Thorndyke did not answer for a few seconds. At length he said gravely:

“I am afraid, Jervis, that the answer to that question can be given in one word.”

“Murder?” I asked with a slight shudder.

He nodded, and we were both silent for a while.

“The probability,” he resumed after a pause, “that Mr. Graves is alive at this moment seems to me infinitesimal. There was evidently a conspiracy to murder him, and the deliberate, persistent manner in which that object was being pursued points to a very strong and definite motive.
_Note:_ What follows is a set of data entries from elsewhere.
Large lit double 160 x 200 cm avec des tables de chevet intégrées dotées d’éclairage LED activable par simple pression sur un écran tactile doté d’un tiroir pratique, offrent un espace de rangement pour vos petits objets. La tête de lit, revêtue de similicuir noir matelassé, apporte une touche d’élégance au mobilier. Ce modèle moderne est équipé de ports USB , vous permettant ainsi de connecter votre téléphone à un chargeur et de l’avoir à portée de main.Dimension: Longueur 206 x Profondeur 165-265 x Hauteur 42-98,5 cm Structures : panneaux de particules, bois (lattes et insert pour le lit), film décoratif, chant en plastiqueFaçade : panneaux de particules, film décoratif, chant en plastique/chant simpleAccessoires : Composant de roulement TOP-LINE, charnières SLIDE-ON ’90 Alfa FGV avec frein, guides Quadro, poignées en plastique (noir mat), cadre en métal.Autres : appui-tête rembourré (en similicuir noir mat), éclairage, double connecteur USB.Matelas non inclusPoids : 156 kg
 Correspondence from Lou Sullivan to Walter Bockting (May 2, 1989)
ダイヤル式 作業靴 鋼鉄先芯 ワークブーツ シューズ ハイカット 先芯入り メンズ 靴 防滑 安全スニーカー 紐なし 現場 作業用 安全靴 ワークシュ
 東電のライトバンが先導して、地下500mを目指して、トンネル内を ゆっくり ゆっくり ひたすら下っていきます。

Then the tactics adopted point to considerable forethought and judgment. They are not the tactics of a fool or an ignoramus. We may criticize the closed carriage as a tactical mistake, calculated to arouse suspicion, but we have to weigh it against its alternative.”

“What is that?”

“Well, consider the circumstances. Suppose Weiss had called you in in the ordinary way. You would still have detected the use of poison. But now you could have located your man and made inquiries about him in the neighbourhood. You would probably have given the police a hint and they would almost certainly have taken action, as they would have had the means of identifying the parties. The result would have been fatal to Weiss. The closed carriage invited suspicion, but it was a great safeguard. Weiss’s method’s were not so unsound after all. He is a cautious man, but cunning and very persistent. And he could be bold on occasion. The use of the blinded carriage was a decidedly audacious proceeding. I should put him down as a gambler of a very discreet, courageous and resourceful type.”

“Which all leads to the probability that he has pursued his scheme and brought it to a successful issue.”

“I am afraid it does. But⁠—have you got your notes of the compass-bearings?”

“The book is in my overcoat pocket with the board. I will fetch them.”